**Available data**:

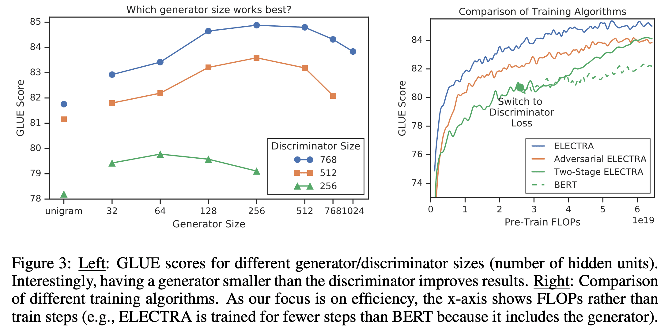 실험은 모두 동일하게 500K 스텝 동안 학습시켰으며 결과는 Figure 3의 왼쪽과 같습니다. 모두 동일한 스텝만큼을 학습했기 때문에 작은 모델은 똑같은 계산량, 시간만큼 학습하면 더 많은 스텝을 돌 것이고, 결과적으로 작은 모델 입장에서는 계산량 대비 성능을 손해본 셈입니다. 그럼에도 불구하고 discriminator의 크기 대비 1/4 - 1/2 크기의 generator를 사용했을 때 가장 좋은 성능을 보입니다. 이런 실험 결과를 논문은 다음과 같이 해석합니다.
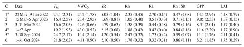 Table 1Site conditions and fluxes (means with standard deviations in parentheses) during the six measurement campaigns (C1–C6). Soil temperature (Ts5; °C) and volumetric water content (VWC5; %) at a depth of 5 cm, total soil respiration (SR; µmolm-2s-1), heterotrophic respiration (Rh; µmolm-2s-1), autotrophic respiration (Ra; µmolm-2s-1), the ratio of Rh to SR (Rh:SR; unitless), daylight-period gross primary productivity (GPP; µmolCO2m-2s-1), and leaf area index derived from MODIS (LAI; m2 m−2). Campaigns conducted during active growing seasons are marked with an asterisk ().
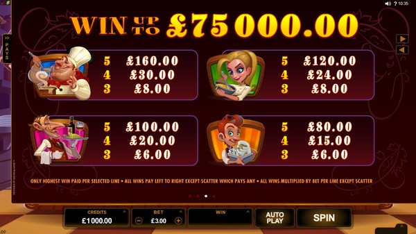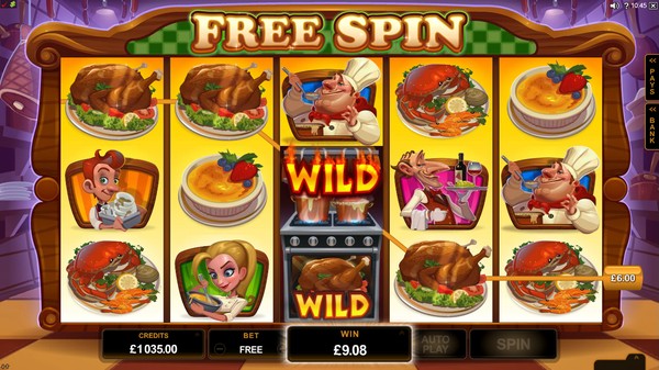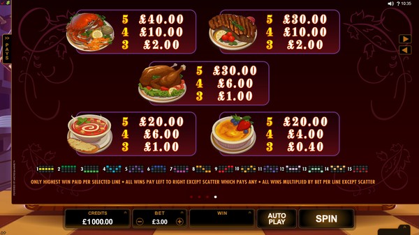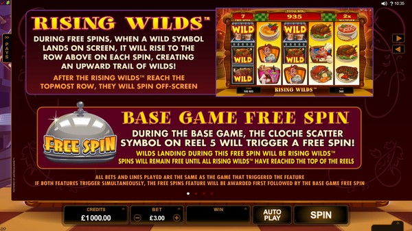 The Big Chef logo is the wild symbol. Another reason for landing more of this symbol is that it awards the top line jackpot. Three or more menu scatter symbols anywhere on the reels trigger 10 free spins with doubled payouts. During a free spin, the wild symbol activates the Rising Wild feature. In each successive spin it rises to the place above, creating a trail of wilds. The cloche symbol appearing anywhere on reel 5 awards a free spin in the base game. But if a wild symbol appears in this spin, the Rising Wilds feature will be activated, giving more free spins.
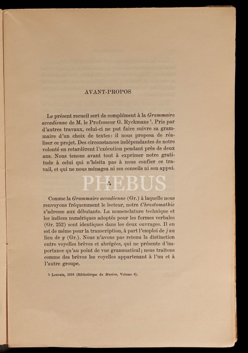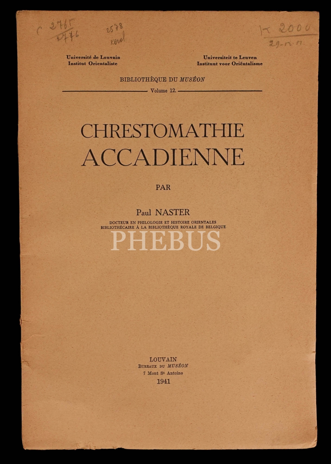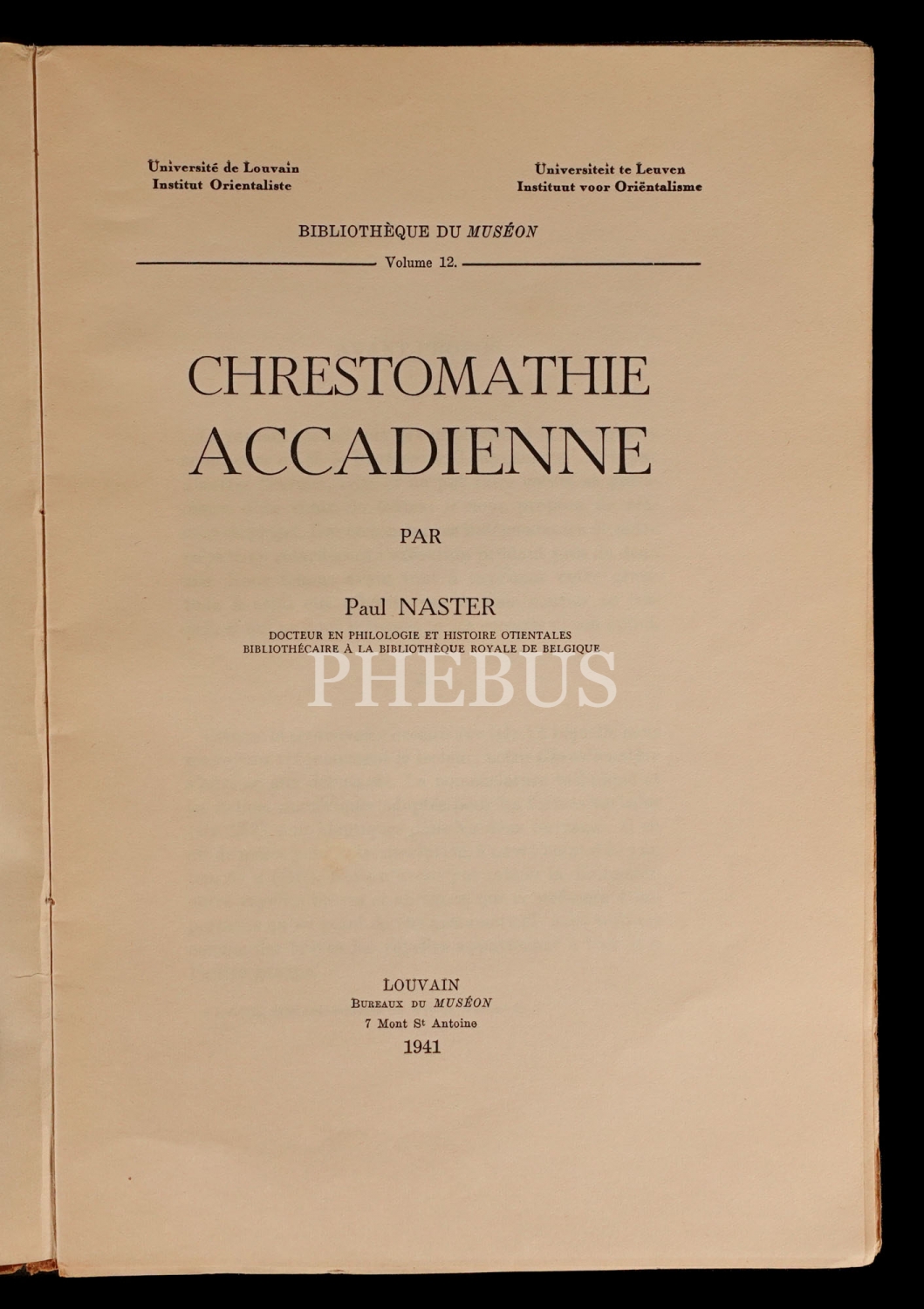 CHRESTOMATHIES ACCADIENNE (Bibliotheque du Museon), Paul Naster, 1941, Louvain Bureaux du Museon France,103 sayfa, 19x28 cm...
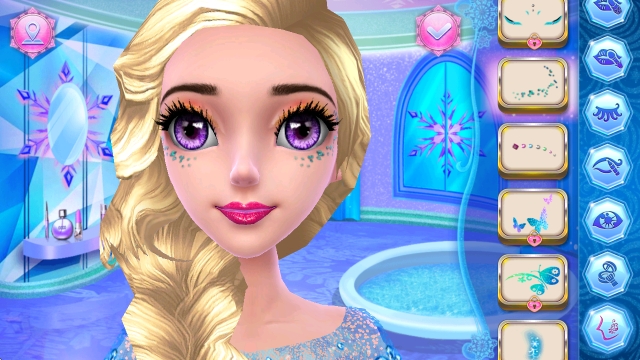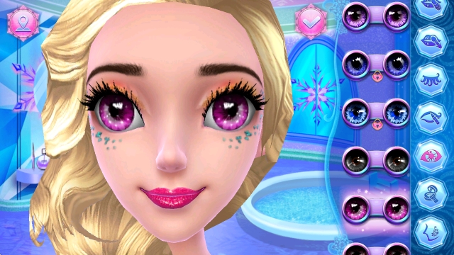 3、换好衣服,就让我们到化妆间里为可可化上一个惊艳的妆容吧,有趣的是这些妆容都需要你亲手为她涂抹;

**Task instructions**: Write out exactly, with no pictures, each line from the one containing "CHRESTOMATHIES ACCADIENNE (Bibliotheque" through the last line of the listing above, both included.

**Exercise solution**:
 CHRESTOMATHIES ACCADIENNE (Bibliotheque du Museon), Paul Naster, 1941, Louvain Bureaux du Museon France,103 sayfa, 19x28 cm...
 3、换好衣服,就让我们到化妆间里为可可化上一个惊艳的妆容吧,有趣的是这些妆容都需要你亲手为她涂抹;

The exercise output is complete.